Chapitre 9Les séances de la Chambre
Séance quotidienne
La Chambre tient habituellement chacune de ses séances un jour différent. Au XIXe siècle, il est toutefois arrivé qu’on tienne deux séances ou plus un même jour32. Cela visait à accélérer les travaux de la Chambre en contournant la règle interdisant qu’un projet de loi ne fasse l’objet de plus d’une « lecture » le même jour33. La prolongation des séances, la mise en application d’heures de séances prolongées avant l’ajournement de juin ainsi que divers types de limitation du débat sur certaines mesures législatives ont entraîné l’abandon de cette pratique. Au XXe siècle, c’est pour de tout autres raisons, comme la fin d’une session et l’ouverture de la prochaine session d’une législature34, ainsi que pour permettre aux députés de participer à des cérémonies spéciales35, qu’il y a eu deux séances le même jour. Depuis le début du XXIe siècle, la Chambre des communes n’a jamais tenu plus d’une séance le même jour. La Chambre a toutefois prolongé à maintes reprises ses heures de séance, notamment pour des séances en juin36, ou encore pour tenir un débat d’urgence ou exploratoire37, ou pour poursuivre l’étude d’une affaire précise38.
Le Règlement énonce que la Chambre doit se réunir le lundi à 11 heures, le mardi, le jeudi et le vendredi à 10 heures, et le mercredi à 14 heures39. Une fois qu’elle est réunie et a amorcé ses travaux, la Chambre n’ajourne habituellement pas avant l’heure d’ajournement fixée, c’est-à-dire 18 h 30 les lundis, mardis, mercredis et jeudis, et 14 h 30 les vendredis40. À l’heure ordinaire de l’ajournement quotidien, les lundis, mardis, mercredis et jeudis, une motion d’ajournement de la Chambre est réputée avoir été présentée et appuyée. L’article 38 du Règlement énonce que cette motion peut faire l’objet d’un débat d’au plus 30 minutes. En réalité, le débat, appelé officiellement Débat d’ajournement et également connu sous le nom de « late show »41, n’est pas un débat sur la motion, mais sur les sujets découlant des affaires soulevées pendant la période des questions orales ou dans des questions écrites. Après les 30 minutes prévues ou dès qu’il n’y a plus d’interventions, le Président considère la motion d’ajournement adoptée et ajourne la Chambre jusqu’au prochain jour de séance42. Le vendredi, aucune motion d’ajournement de la Chambre n’est présentée, et le Président lève la séance sans que la question soit mise aux voix (ou sans qu’elle soit réputée mise aux voix).

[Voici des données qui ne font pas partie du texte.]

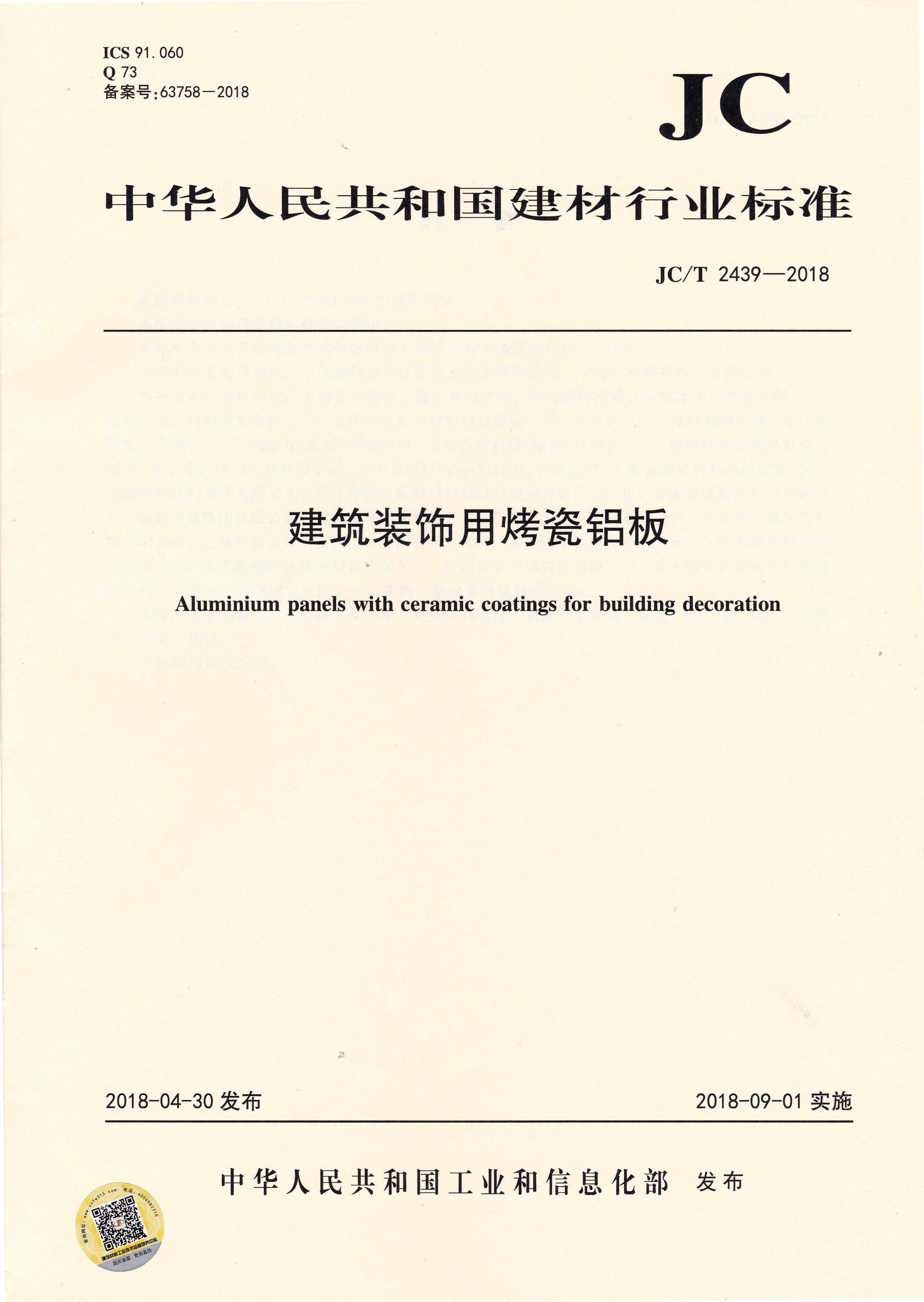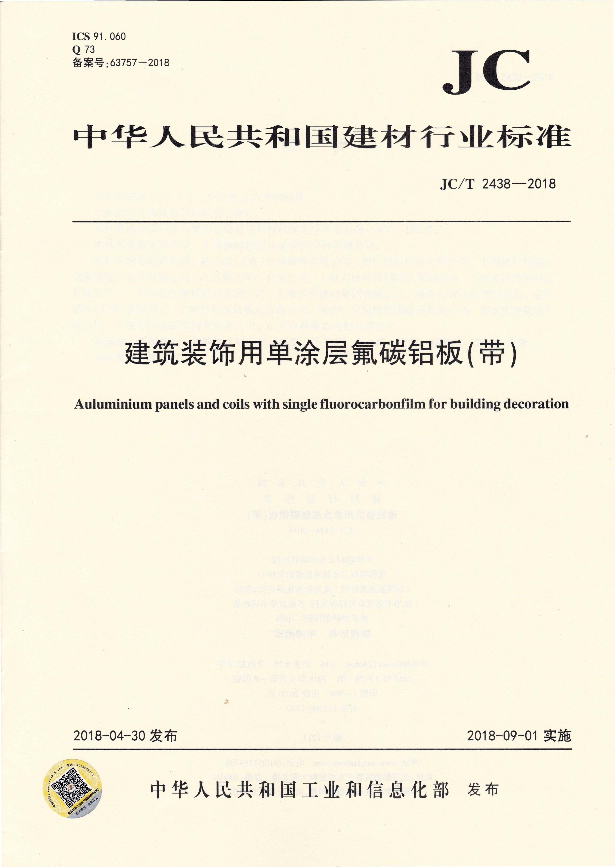 近日,由中國建筑材料聯(lián)合會提出,雅泰實(shí)業(yè)集團(tuán)有限公司參與起草的JC/T 2439-2018《建筑裝飾用烤瓷鋁板》、JC/T 2438-2018《建筑裝飾用單涂層氟碳鋁板(帶)》兩項行業(yè)標(biāo)準(zhǔn)于2018年4月30日首次發(fā)布,2018年9月1日起正式實(shí)施。
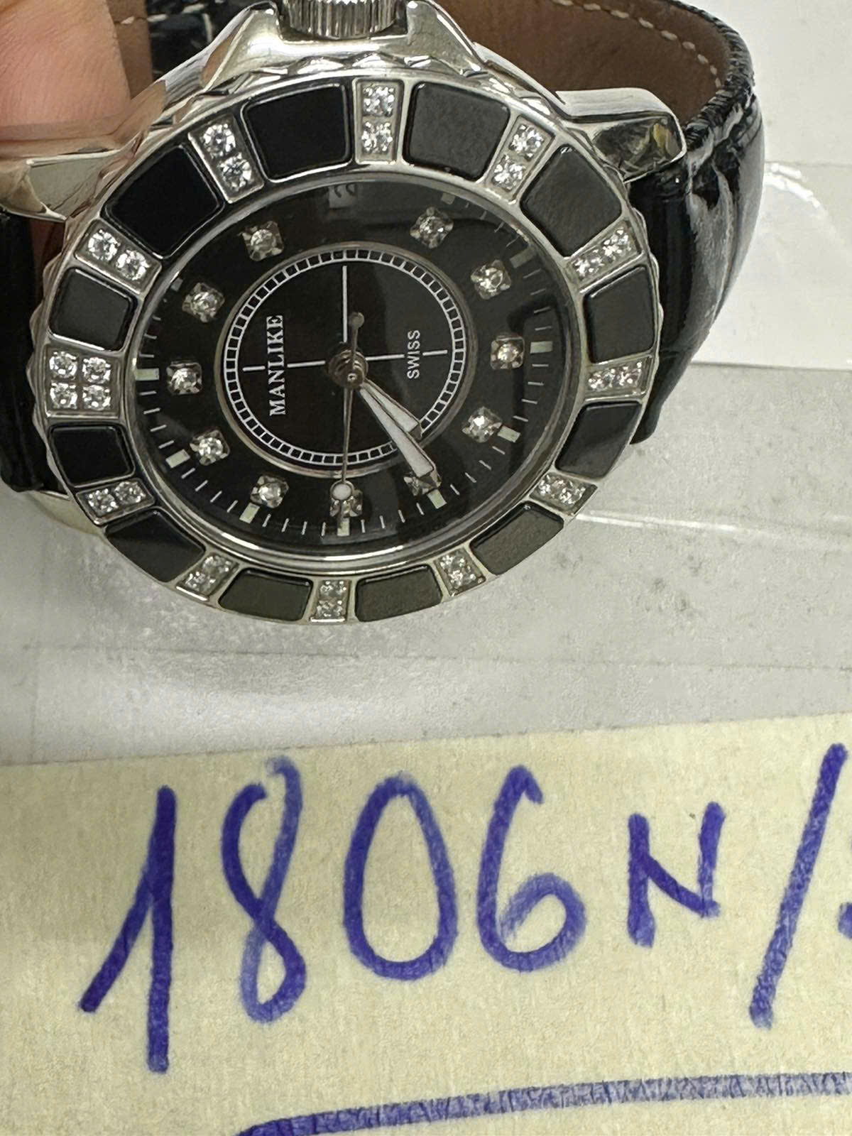 Ngày tiếp nhận: 06/10/2025 Mã hồ sơ: 1806N2025 Mô tả: 01 đồng hồ màu đen có chữ MANLIKE, mặt đính đá, dây da màu đen. |
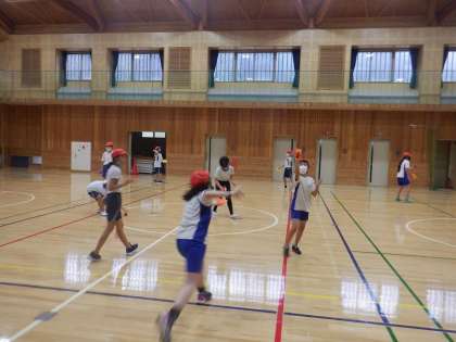 今日はボールを使った体ほぐしをしました。上に投げたボールを1回転してキャッチしたり,ペアで同時にボールを投げてキャッチしたりしました。
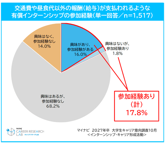 ◆給与が支払われる「有償インターンシップ」の参加率は17.8%。「有償インターンシップ」では、実務性や責任感を伴う経験ができたという声も

Modification des jours et heures de séance
La Chambre peut adopter des ordres spéciaux pour modifier ses jours ou ses heures habituels de séance. Au fil du temps, diverses raisons ont motivé de tels ordres : pour écourter ou annuler une séance afin de permettre à des députés de participer à un congrès politique43 ou à des cérémonies marquant le décès de personnalités publiques44 ; pour la tenue d’activités spéciales à la Chambre, comme les excuses qui ont été présentées en 2008 aux anciens élèves des pensionnats indiens45 ; pour amorcer une séance plus tôt, certains jours, afin d’étudier des Ordres émanant du gouvernement46 ; pour l’installation d’un nouveau gouverneur général47 ; pour devancer ou retarder le début d’une séance afin qu’une personnalité étrangère ou un chef d’État en visite puisse prendre la parole devant les deux chambres48 ; pour ne pas siéger certains jours où une séance serait autrement prévue49 ; pour siéger certains jours où autrement la Chambre ne siégerait pas, y compris le samedi et le dimanche50 ; et pour siéger en suivant l’horaire du vendredi un autre jour afin d’ajourner plus tôt51.
Si un ordre spécial est adopté en vue de siéger un samedi ou un dimanche et qu’il ne le précise pas explicitement, l’ordre des travaux sera celui d’une séance du vendredi52. À une époque, il était assez courant que la Chambre siège le samedi en fin de session ou juste avant l’ajournement pour l’été lorsque le gouvernement voulait accélérer l’adoption de mesures législatives. Depuis l’entrée en vigueur d’articles du Règlement qui permettent de prolonger les heures de séance sans déroger au calendrier habituel de la Chambre des communes, il est devenu rare que la Chambre siège le samedi ou le dimanche53.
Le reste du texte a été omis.